Contemporary Asia in the World. New York: Columbia University Press, 2013. xxii, 374 pp. (Figures, tables.) US$50.00, cloth. ISBN 978-0-231-16218-0.
Do putatively natural catastrophes, like the 2011 tsunami that devastated northeastern Japan or the Great Kantō Earthquake of 1923, possess the power to spur a fundamental transformation of the societies that experience them? Or do disasters simply reveal—without necessarily altering—the underlying structures of these affected communities? These are overarching questions raised by Charles Schencking’s new book about the 1923 earthquake and the discourses it activated. The Great Kantō Earthquake, which claimed six times as many lives as 3.11 and struck the very heart of a nation, was at the time accorded the status of a civilization up-ending, epoch-making event. Attempting to engage with the fractured terrain of interwar Japan without grappling with this singular seismic calamity might be likened to discussing Europe in the same period but not mentioning the Great War. Yet, it seems that the Kantō quake is only now receiving the sustained critical attention outside of Japan that it deserves, in the form of groundbreaking work, including Gennifer Weisenfeld’s recent Imaging Disaster: Tokyo and the Visual Culture of Japan’s Great Earthquake of 1923 (University of California Press, 2012) and Alex Bates’ forthcoming The Culture of the Quake: The Great Kantō Earthquake and Taishō Japan (University of Michigan Center for Japanese Studies Press, 2015). Remarkably, Schencking’s study represents the first comprehensive, monograph-length historical examination of the Great Kantō Earthquake and post-quake reconstruction in English. This is an important and necessary book that was well worth the wait.

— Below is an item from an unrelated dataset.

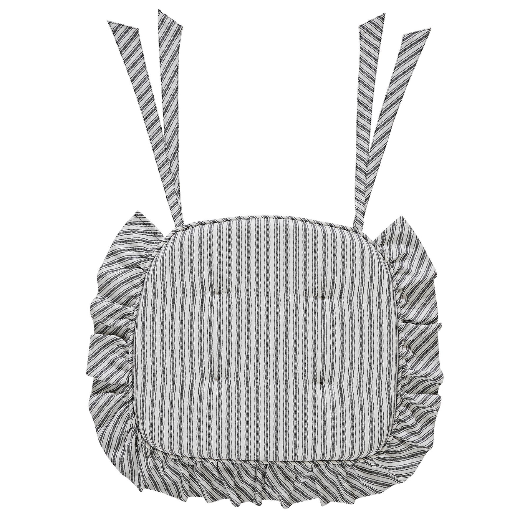Enhance your farmhouse and country-style home decor with the Chair Pad from the Sawyer Mill Black Collection in classic ticking stripes. Measuring 16.5x18 inches, this chair pad features a charming striped pattern that effortlessly blends with rustic aesthetics. Crafted from durable woven cotton, it offers both texture and enduring quality. Designed with practicality in mind, this chair pad includes secure ties to keep it in place, ensuring a comfortable and stable seating experience for your dining chairs or rocking chairs. T

A central theme of Schencking’s book is that while the earthquake and fires of September 1923 were unquestionably calamitous for the region and its inhabitants, the Great Kantō Earthquake first had to be constructed (interpreted, packaged, and communicated) as a national catastrophe and turning point through the mediated process of imbuing the event with meaning and making it serve grander national purposes. The key players in this process were those political, bureaucratic, and cultural elites whom the author dubs “disaster opportunists” (7), who saw the earthquake as a “golden opportunity” to rebuild a truly modern Tokyo and reconstruct the nation according to their preferred visions. Despite their high hopes that the earthquake could serve as an animating force to unite the country and compel the people to change suspect social behaviours, however, Schencking emphasizes that progress toward physical reconstruction and spiritual regeneration was limited by contestation and resistance among elites with competing visions and from a populace hoping to quickly return to pre-quake normalcy.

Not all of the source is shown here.